You install and create the database and install the code in the same way you set up and installed the sample database associated with the recommended textbook. You performed this task earlier in the semester. The [steps](https://www.mysqltutorial.org/getting-started-with-mysql/how-to-load-sample-database-into-mysql-database-server/) for installing the database using the command line is also on the website for Classic Models.
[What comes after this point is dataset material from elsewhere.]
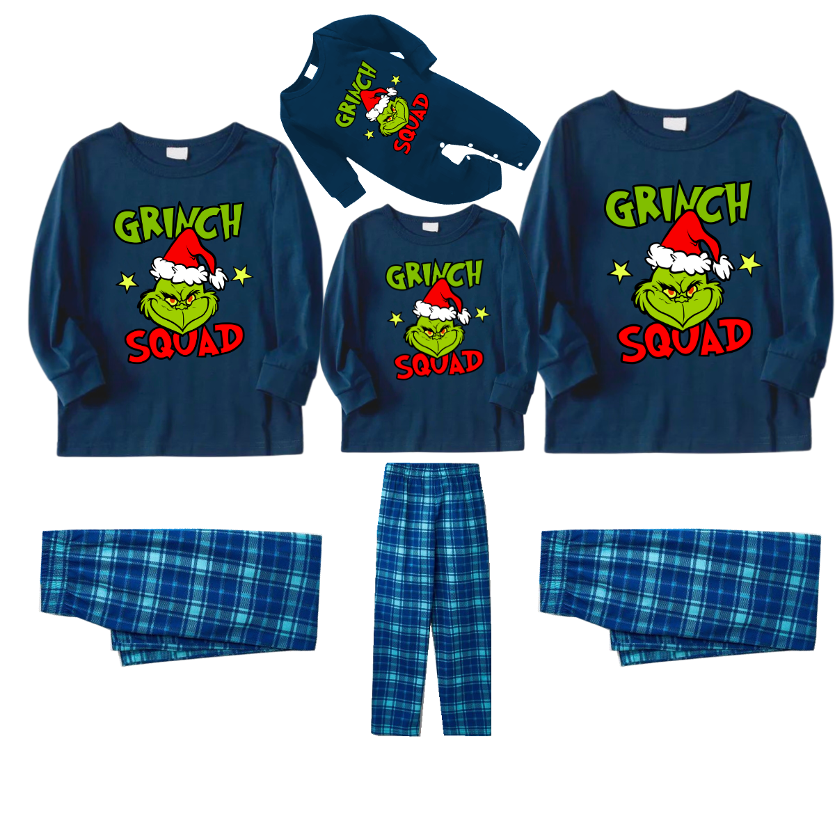 Christmas Cute Cartoon Face and Letter Print Blue Long Sleeve Top with Red & Blue Plaid Family Matching Pajamas

The following cell will check if you have correctly installed the database.

In [10]:
%%sql

use classicmodels;

with one as (
    select
        *
    from
        orders join orderdetails using(orderNumber)
),
    two as (
        select
            *
        from
            customers join one using(customerNumber)
    ),
    three as (
        select
            *
        from
            two join products using(productCode)
    )
select
    customerNumber,
    customerName,
    orderNumber,
    status,
    quantityOrdered,
    priceEach,
    orderLineNumber,
    productName,
    productVendor
from
    three
where
    customerNumber = 114
order by
    customerNumber, orderNumber, orderLineNumber;



 * mysql+pymysql://root:***@localhost
0 rows affected.
55 rows affected.


customerNumber,customerName,orderNumber,status,quantityOrdered,priceEach,orderLineNumber,productName,productVendor
114,"Australian Collectors, Co.",10120,Shipped,35,110.45,1,1997 BMW R 1100 S,Autoart Studio Design
114,"Australian Collectors, Co.",10120,Shipped,46,158.8,2,2003 Harley-Davidson Eagle Drag Bike,Red Start Diecast
114,"Australian Collectors, Co.",10120,Shipped,29,118.94,3,1996 Moto Guzzi 1100i,Highway 66 Mini Classics
114,"Australian Collectors, Co.",10120,Shipped,46,57.54,4,1936 Harley Davidson El Knucklehead,Welly Diecast Productions
114,"Australian Collectors, Co.",10120,Shipped,34,72.36,5,1960 BSA Gold Star DBD34,Highway 66 Mini Classics
114,"Australian Collectors, Co.",10120,Shipped,22,94.9,6,1997 BMW F650 ST,Exoto Designs
114,"Australian Collectors, Co.",10120,Shipped,24,106.79,7,ATA: B757-300,Highway 66 Mini Classics
114,"Australian Collectors, Co.",10120,Shipped,29,82.79,8,P-51-D Mustang,Gearbox Collectibles
114,"Australian Collectors, Co.",10120,Shipped,29,71.73,9,1900s Vintage Tri-Plane,Unimax Art Galleries
114,"Australian Collectors, Co.",10120,Shipped,39,93.01,10,1928 British Royal Navy Airplane,Classic Metal Creations


## Entity Relationship Modeling

### Create Entity Relationship Model

The ability to take a high-level description of a required database and produce an ER-diagram is one of the most fundamental skills needed for using databases. Consider the following scenario for creating a data model for the Harry Potter series of books.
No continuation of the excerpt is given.